Entries supplied:

'''

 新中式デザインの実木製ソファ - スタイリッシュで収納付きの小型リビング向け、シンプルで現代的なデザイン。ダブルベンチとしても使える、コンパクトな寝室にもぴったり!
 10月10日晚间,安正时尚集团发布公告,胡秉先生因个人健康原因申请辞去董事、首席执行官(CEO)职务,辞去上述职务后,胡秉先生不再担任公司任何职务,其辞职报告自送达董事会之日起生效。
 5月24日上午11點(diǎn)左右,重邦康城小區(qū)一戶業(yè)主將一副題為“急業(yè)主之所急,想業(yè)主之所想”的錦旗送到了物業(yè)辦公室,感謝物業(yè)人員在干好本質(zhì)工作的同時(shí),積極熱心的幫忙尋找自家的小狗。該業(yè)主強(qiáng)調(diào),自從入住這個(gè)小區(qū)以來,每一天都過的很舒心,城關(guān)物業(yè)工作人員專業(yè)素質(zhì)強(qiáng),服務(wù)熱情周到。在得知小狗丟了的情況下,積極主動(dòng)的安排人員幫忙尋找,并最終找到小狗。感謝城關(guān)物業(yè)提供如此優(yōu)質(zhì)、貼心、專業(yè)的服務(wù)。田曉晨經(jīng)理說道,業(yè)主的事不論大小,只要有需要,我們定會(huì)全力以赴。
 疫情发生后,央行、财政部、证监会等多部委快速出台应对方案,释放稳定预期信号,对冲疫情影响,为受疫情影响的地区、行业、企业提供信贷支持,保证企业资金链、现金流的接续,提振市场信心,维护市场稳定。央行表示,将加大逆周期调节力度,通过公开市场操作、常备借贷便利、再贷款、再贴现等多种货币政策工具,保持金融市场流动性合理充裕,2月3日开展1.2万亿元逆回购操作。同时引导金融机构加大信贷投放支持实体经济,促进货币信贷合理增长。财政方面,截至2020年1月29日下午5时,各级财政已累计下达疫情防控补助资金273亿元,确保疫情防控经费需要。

'''
'''

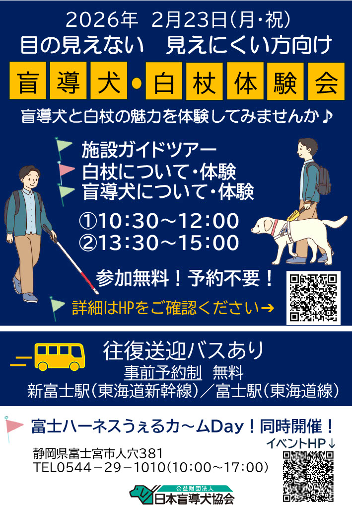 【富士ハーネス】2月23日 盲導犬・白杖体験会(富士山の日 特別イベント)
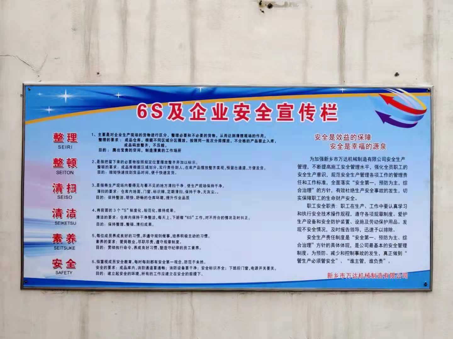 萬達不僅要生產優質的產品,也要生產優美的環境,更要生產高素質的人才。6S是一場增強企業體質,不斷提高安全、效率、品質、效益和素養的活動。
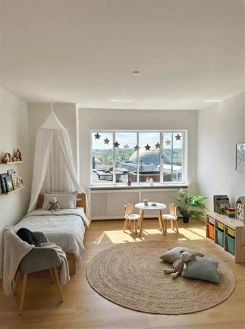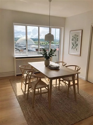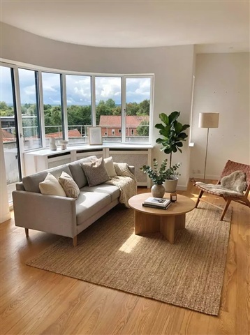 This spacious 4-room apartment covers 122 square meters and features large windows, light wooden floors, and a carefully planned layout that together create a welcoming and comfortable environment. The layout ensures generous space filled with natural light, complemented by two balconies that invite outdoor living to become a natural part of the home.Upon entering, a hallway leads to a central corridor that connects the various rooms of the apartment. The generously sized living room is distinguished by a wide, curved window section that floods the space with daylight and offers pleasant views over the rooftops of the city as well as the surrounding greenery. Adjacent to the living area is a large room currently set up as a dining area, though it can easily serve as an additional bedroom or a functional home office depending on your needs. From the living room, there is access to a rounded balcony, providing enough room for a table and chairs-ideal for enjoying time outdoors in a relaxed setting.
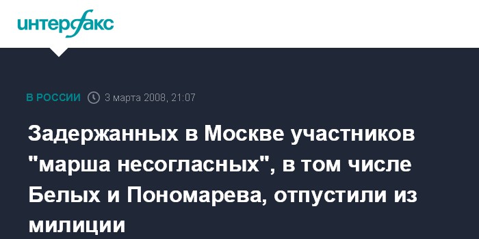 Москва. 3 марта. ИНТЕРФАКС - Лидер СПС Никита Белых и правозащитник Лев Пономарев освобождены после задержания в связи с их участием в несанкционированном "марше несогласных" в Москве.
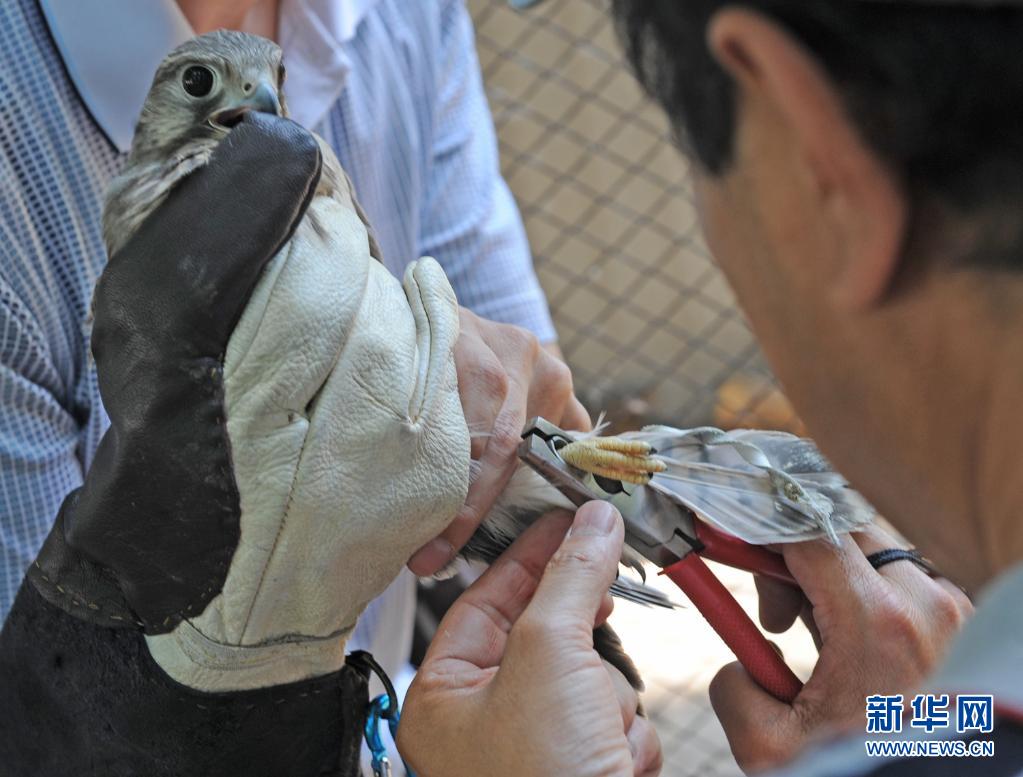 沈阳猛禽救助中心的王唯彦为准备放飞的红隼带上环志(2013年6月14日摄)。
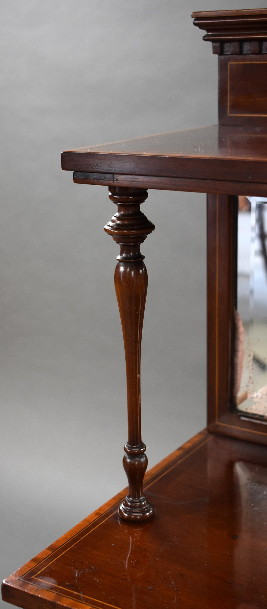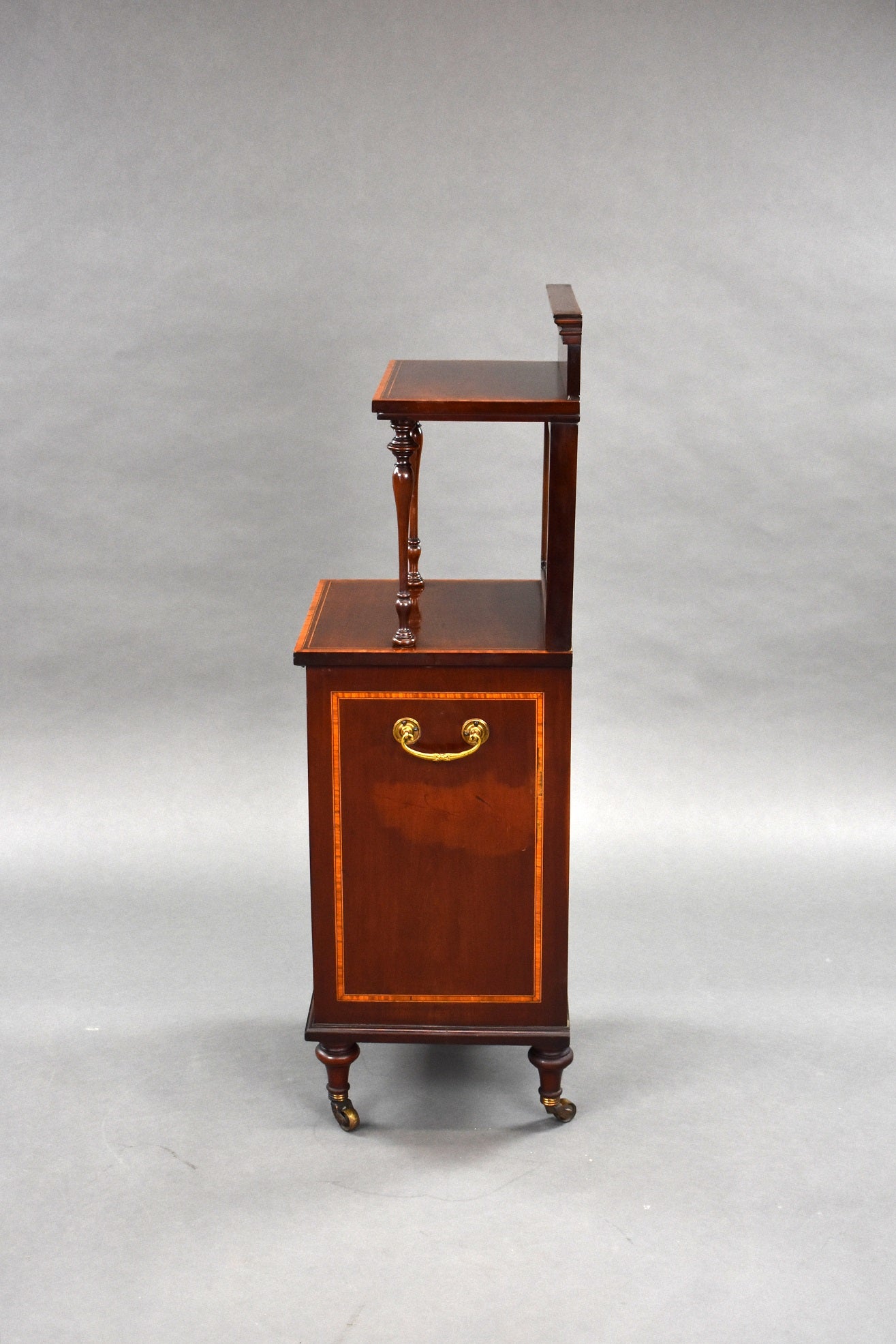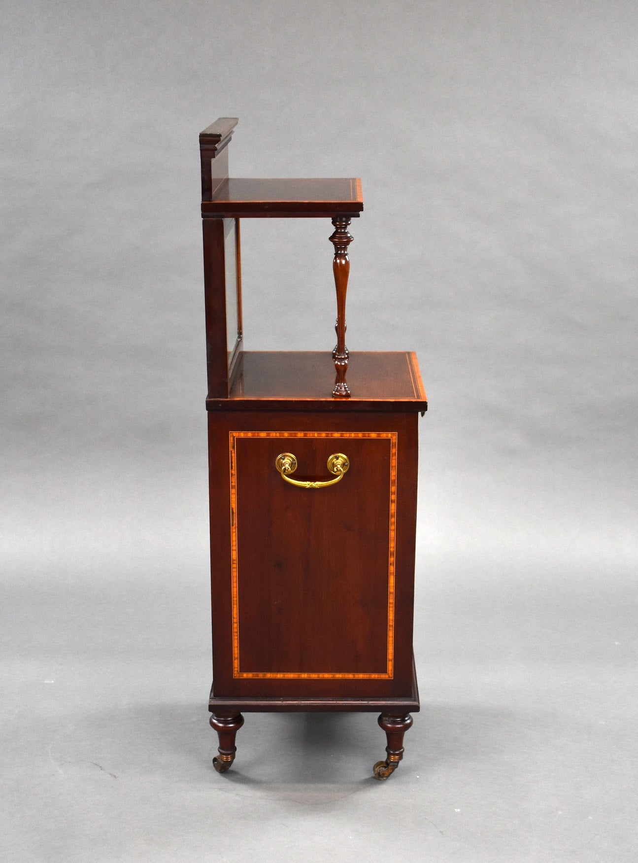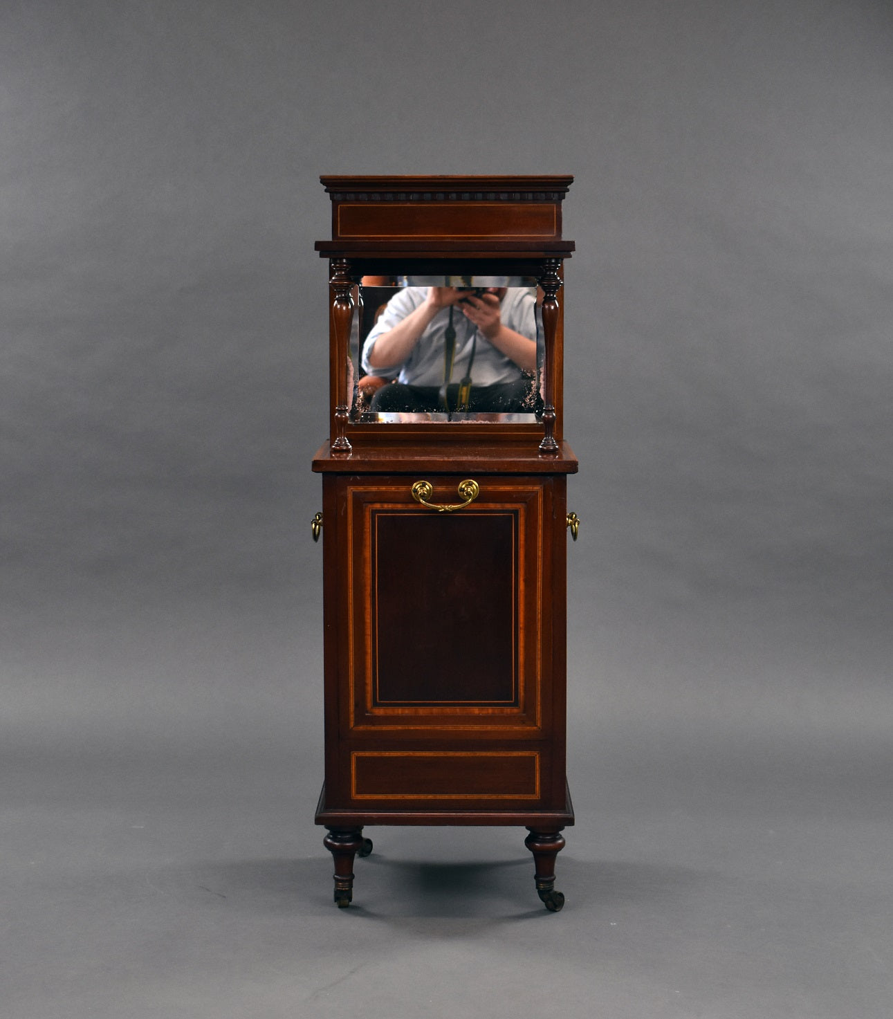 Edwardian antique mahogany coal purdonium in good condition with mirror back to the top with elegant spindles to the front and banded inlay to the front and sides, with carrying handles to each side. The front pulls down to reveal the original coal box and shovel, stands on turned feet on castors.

'''
'''

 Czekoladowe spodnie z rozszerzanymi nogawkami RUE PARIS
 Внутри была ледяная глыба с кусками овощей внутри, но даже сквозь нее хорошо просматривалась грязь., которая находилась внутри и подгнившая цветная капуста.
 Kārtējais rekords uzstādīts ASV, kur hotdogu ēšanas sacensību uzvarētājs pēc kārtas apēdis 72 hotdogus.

'''

Your objective:
Return exactly the lines above from the line that has "Czekoladowe spodnie z" through the line that has "Kārtējais rekords uzstādīts", inclusive, and nothing else.

Reply:
 Czekoladowe spodnie z rozszerzanymi nogawkami RUE PARIS
 Внутри была ледяная глыба с кусками овощей внутри, но даже сквозь нее хорошо просматривалась грязь., которая находилась внутри и подгнившая цветная капуста.
 Kārtējais rekords uzstādīts ASV, kur hotdogu ēšanas sacensību uzvarētājs pēc kārtas apēdis 72 hotdogus.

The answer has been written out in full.